* **Assignment**:
For this exercise, restate word for word only the lines from the first line of the data to the line containing "万里臻华颐养院3月收费价格表(2026)普陀区真华路5000元起,附地址电话".

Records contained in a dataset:
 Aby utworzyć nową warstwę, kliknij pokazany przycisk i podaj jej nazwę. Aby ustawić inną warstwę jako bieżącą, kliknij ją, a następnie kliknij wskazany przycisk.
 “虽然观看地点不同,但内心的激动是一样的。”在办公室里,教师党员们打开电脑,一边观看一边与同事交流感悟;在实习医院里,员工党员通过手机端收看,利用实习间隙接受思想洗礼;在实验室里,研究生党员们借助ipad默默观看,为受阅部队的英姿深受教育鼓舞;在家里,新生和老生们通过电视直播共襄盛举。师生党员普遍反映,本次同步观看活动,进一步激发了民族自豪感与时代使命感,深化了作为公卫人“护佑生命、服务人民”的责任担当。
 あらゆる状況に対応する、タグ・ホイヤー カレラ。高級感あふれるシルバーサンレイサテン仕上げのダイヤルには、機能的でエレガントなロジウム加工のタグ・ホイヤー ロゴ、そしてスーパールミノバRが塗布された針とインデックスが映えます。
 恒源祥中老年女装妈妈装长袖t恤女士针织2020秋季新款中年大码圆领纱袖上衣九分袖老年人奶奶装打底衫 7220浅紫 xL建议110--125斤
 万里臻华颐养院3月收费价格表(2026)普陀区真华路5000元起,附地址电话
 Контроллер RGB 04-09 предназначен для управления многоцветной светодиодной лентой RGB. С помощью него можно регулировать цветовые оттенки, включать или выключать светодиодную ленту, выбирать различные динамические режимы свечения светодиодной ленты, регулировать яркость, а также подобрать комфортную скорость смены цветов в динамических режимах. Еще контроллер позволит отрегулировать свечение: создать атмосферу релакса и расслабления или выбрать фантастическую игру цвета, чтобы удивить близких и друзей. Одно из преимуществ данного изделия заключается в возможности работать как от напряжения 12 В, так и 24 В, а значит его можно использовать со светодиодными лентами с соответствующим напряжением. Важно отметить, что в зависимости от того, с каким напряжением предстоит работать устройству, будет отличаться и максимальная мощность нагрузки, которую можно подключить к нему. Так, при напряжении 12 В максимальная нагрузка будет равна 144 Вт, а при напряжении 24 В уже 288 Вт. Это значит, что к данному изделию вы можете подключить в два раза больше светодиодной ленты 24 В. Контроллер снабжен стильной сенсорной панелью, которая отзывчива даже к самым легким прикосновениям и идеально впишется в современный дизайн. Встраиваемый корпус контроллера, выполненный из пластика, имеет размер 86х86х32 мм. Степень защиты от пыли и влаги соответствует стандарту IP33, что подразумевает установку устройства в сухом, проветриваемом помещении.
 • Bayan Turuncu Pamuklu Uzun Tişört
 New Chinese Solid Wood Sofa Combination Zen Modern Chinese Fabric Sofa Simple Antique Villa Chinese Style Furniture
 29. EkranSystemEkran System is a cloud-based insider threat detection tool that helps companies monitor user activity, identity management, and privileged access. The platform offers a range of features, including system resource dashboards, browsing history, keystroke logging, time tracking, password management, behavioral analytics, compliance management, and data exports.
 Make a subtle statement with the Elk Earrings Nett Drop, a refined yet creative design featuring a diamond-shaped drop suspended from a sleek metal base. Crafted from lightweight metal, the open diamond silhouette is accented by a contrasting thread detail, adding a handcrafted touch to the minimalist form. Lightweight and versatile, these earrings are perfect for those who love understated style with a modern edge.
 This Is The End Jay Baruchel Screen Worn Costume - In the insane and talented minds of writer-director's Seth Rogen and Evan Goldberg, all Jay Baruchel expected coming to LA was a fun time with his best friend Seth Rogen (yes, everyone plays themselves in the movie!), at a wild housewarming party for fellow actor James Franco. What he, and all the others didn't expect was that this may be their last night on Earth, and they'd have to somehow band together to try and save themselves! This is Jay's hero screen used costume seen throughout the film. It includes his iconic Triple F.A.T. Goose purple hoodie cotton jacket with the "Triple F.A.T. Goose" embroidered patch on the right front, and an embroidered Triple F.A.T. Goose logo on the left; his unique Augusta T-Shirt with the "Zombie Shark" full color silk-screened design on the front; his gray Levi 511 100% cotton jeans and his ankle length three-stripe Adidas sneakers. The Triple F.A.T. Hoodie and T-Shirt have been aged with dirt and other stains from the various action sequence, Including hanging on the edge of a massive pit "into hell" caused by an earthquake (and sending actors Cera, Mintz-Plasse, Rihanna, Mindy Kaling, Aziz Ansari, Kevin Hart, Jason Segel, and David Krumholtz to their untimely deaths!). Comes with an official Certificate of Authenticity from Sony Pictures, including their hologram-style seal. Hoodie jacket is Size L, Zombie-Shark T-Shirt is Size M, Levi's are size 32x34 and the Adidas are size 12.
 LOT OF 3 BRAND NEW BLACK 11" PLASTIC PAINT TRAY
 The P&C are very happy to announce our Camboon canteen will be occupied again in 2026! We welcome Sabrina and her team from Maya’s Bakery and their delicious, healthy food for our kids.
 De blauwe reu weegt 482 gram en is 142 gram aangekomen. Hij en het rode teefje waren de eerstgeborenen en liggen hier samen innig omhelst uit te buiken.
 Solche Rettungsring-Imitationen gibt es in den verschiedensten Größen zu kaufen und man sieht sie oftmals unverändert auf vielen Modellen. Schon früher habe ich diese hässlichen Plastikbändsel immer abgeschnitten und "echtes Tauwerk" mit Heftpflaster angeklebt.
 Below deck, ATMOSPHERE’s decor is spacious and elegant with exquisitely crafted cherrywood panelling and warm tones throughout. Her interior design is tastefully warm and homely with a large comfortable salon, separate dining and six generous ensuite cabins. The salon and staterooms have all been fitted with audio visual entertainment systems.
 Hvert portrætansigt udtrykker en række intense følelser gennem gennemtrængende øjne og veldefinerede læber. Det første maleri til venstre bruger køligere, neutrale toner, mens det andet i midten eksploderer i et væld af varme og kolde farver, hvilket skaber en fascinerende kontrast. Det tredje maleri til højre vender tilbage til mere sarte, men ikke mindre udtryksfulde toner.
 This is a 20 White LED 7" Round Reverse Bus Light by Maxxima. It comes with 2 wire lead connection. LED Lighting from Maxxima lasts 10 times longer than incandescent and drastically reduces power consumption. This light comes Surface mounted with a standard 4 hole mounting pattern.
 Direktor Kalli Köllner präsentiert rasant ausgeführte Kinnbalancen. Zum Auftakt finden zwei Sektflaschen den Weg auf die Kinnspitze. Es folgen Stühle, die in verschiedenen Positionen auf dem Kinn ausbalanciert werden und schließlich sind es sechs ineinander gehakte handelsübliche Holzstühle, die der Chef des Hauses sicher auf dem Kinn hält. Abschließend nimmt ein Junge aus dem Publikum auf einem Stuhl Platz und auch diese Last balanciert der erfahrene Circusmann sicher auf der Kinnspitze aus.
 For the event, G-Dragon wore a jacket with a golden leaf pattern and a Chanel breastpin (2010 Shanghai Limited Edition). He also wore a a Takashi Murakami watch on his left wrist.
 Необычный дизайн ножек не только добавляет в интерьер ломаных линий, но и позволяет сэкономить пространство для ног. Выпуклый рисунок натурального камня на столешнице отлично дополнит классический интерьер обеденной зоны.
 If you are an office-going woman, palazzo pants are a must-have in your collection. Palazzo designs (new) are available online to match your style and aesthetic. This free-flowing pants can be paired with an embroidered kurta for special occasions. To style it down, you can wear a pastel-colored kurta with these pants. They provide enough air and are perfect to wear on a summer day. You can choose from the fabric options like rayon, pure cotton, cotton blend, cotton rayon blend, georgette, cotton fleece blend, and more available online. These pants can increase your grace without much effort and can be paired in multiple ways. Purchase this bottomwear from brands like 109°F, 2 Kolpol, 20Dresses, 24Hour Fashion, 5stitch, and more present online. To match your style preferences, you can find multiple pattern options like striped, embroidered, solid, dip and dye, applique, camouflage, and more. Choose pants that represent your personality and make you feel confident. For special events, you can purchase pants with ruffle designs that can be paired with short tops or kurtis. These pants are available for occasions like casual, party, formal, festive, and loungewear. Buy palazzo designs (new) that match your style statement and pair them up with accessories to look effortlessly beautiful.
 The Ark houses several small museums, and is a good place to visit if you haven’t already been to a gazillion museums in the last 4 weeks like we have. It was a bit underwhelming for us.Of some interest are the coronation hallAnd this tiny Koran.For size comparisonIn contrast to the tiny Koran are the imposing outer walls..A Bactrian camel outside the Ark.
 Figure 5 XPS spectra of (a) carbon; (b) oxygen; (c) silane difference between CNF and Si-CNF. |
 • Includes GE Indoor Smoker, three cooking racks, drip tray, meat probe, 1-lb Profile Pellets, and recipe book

* **Answer to the exercise**:
 Aby utworzyć nową warstwę, kliknij pokazany przycisk i podaj jej nazwę. Aby ustawić inną warstwę jako bieżącą, kliknij ją, a następnie kliknij wskazany przycisk.
 “虽然观看地点不同,但内心的激动是一样的。”在办公室里,教师党员们打开电脑,一边观看一边与同事交流感悟;在实习医院里,员工党员通过手机端收看,利用实习间隙接受思想洗礼;在实验室里,研究生党员们借助ipad默默观看,为受阅部队的英姿深受教育鼓舞;在家里,新生和老生们通过电视直播共襄盛举。师生党员普遍反映,本次同步观看活动,进一步激发了民族自豪感与时代使命感,深化了作为公卫人“护佑生命、服务人民”的责任担当。
 あらゆる状況に対応する、タグ・ホイヤー カレラ。高級感あふれるシルバーサンレイサテン仕上げのダイヤルには、機能的でエレガントなロジウム加工のタグ・ホイヤー ロゴ、そしてスーパールミノバRが塗布された針とインデックスが映えます。
 恒源祥中老年女装妈妈装长袖t恤女士针织2020秋季新款中年大码圆领纱袖上衣九分袖老年人奶奶装打底衫 7220浅紫 xL建议110--125斤
 万里臻华颐养院3月收费价格表(2026)普陀区真华路5000元起,附地址电话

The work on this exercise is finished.